** SUPPLIED DATA **
____
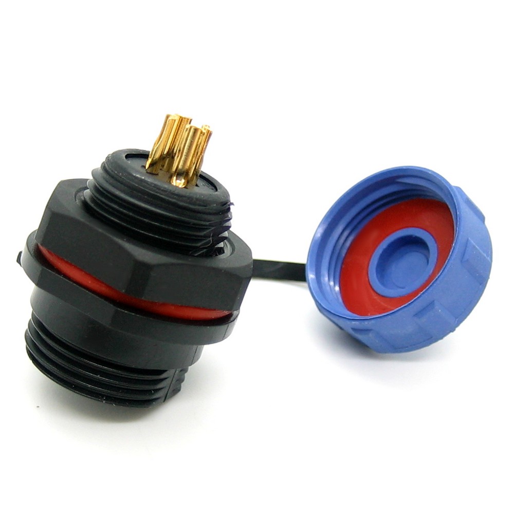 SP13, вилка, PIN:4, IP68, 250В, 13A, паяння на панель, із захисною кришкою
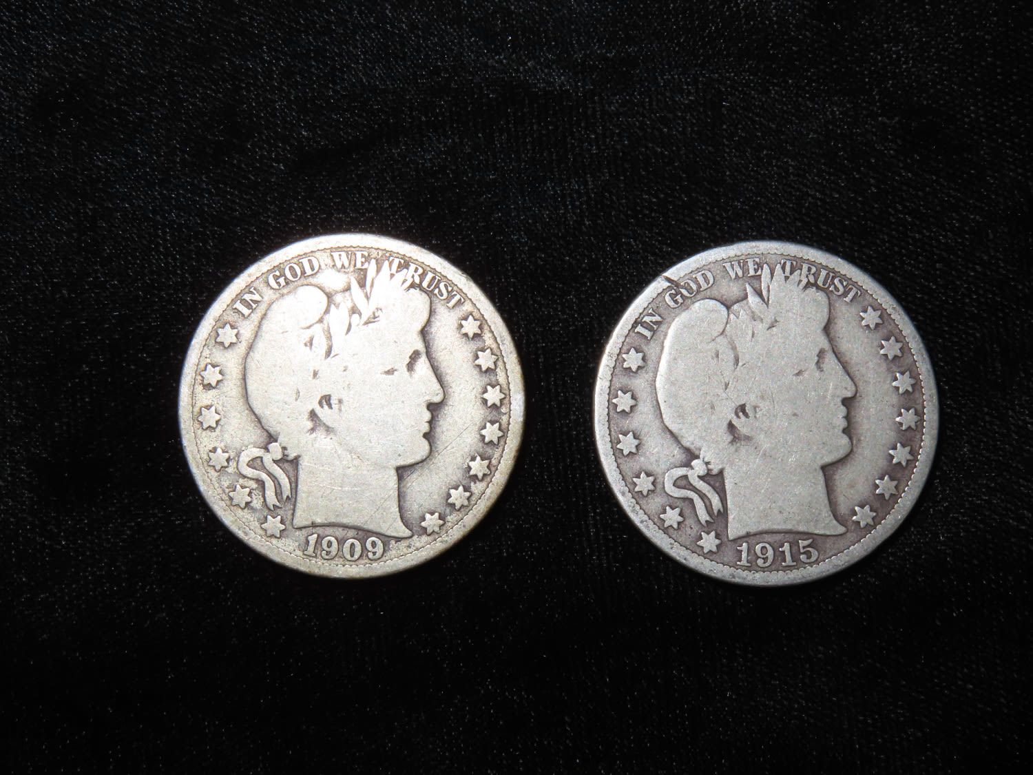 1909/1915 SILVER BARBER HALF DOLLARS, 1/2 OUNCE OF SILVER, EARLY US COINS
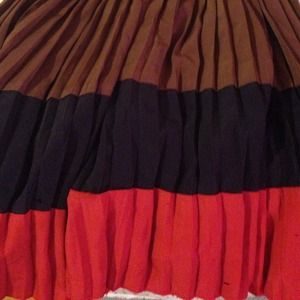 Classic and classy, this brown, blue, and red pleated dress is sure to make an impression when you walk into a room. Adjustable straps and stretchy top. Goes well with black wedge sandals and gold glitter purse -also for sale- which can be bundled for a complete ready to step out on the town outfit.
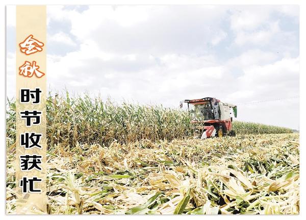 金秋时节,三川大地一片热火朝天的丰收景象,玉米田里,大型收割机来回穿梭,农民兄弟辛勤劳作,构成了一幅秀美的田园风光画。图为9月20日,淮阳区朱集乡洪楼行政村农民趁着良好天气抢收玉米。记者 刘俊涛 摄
____
** DIRECTIONS FOR THIS TASK **
Your reply should consist solely of the lines from the one containing "Classic and classy, this" through the last line of the material, reproduced exactly and without pictures.

** FINISHED TASK **
 Classic and classy, this brown, blue, and red pleated dress is sure to make an impression when you walk into a room. Adjustable straps and stretchy top. Goes well with black wedge sandals and gold glitter purse -also for sale- which can be bundled for a complete ready to step out on the town outfit.
 金秋时节,三川大地一片热火朝天的丰收景象,玉米田里,大型收割机来回穿梭,农民兄弟辛勤劳作,构成了一幅秀美的田园风光画。图为9月20日,淮阳区朱集乡洪楼行政村农民趁着良好天气抢收玉米。记者 刘俊涛 摄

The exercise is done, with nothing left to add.